The scientific research community provides a great example of how the acceptance of technological advancement can lead to minimizing effort and maximizing delivery (in this case, of research findings) to the end audience; thereby strengthening the role of AI.

During the early stage of the COVID-19 pandemic, researchers and medical practitioners were working around the clock to get a vaccine out. With access to very few samples and limited data, it was difficult for them to rapidly test and experiment. The chief AI officer at one of the pharma companies, which launched the first generation of COVID vaccines, even mentioned that one of their biggest bottlenecks was the manual generation of mRNA sequences. With the right amount of process automation and AI algorithms, they were able to automate this generation process and scale to nearly 30 times with better consistency. This helped them quickly productionize and significantly reduce the time to market for a vaccine from an average 5-10 years to less than one year.

AI as an innovator

We are living in an era where data is the new electricity. So much of it is generated on a daily basis. The same is also true for research. To provide some context, millions of research papers are published each year across all subject areas. Researchers face three major hurdles: searching for the right paper, accessing the paper, and spending time searching, accessing, and reading the paper only to find that it is irrelevant to them.

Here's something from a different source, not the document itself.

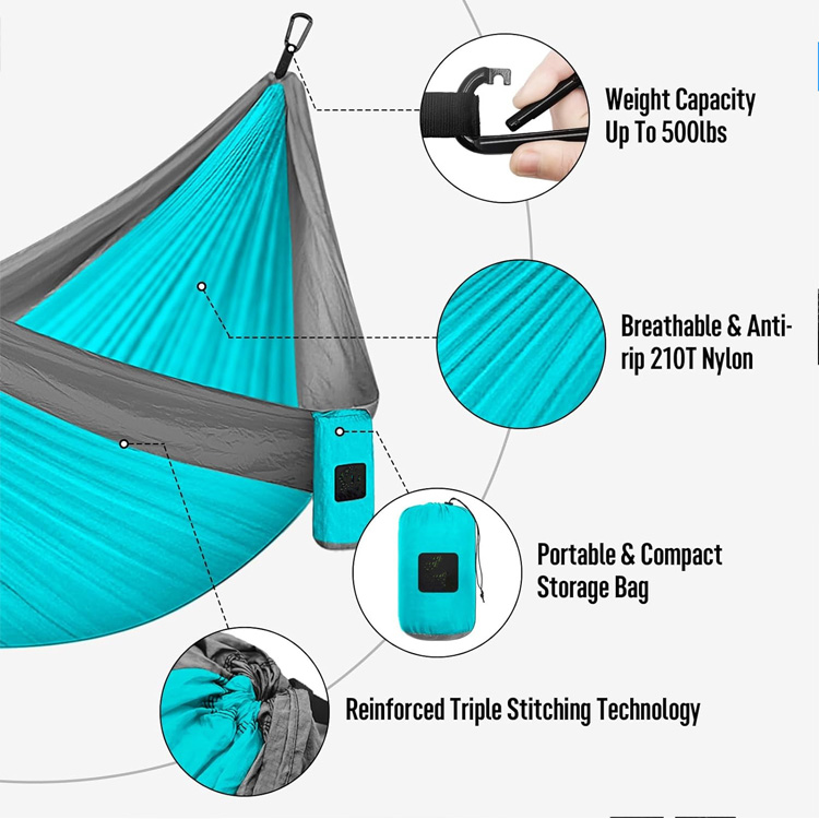 เปลญวนแคมป์ปิ้ง เปลญวนแบบพกพา Double & Single ระบบผ่อนคลายอเนกประสงค์ขั้นสูงสุดสำหรับการผจญภัยกลางแจ้ง เปลญวนแคมป์ปิ้งนี้รองรับทั้งผู้ใช้สองคนและคนเดียวด้วยการออกแบบที่ปรับเปลี่ยนได้ พร้อมด้วยสายรัดต้นไม้แบบมืออาชีพ เปลญวนร่มชูชีพไนลอนน้ำหนักเบานี้มอบความสบายและการพกพาสูงสุด

With the help of smart research paper fingerprinting based on extracting concepts and relevant context, and by using advanced algorithms such as Concept Mesh and Neural Extractive Search, the search for relevant papers becomes much more efficient. These algorithms are much better than the traditional keyword-centric search.

For making research accessible to everyone, Open Access (OA) initiatives powered by strong data warehousing and AI strategies adopted by publishers are now driving various use cases in improving scientific communication. Auto-summarization and Information Retrieval algorithms benefit immensely because of OA, which in turn helps in overcoming the third hurdle – reducing the time spent by researchers to go through hundreds of research papers.

AI as a creator

We are living in the age of disruption, especially in the art domain where recent advances made by generative AI models like DALL-E and Stable Diffusion have the power to create phenomenal visualizations with just simple text prompts (written ideas). Taking it one step ahead, imagine using such models to generate visual abstracts, infographics, and posters, which can distill your research into consumable content for the masses.

Not only this, but transformer-based large language model products help people and researchers, especially from a non-native English-speaking background, write with negligible errors, and give them tips to become better. They also help reduce the rejection rate of research papers, by helping minimize grammatical errors and adhere to the many micro standards of different publishers.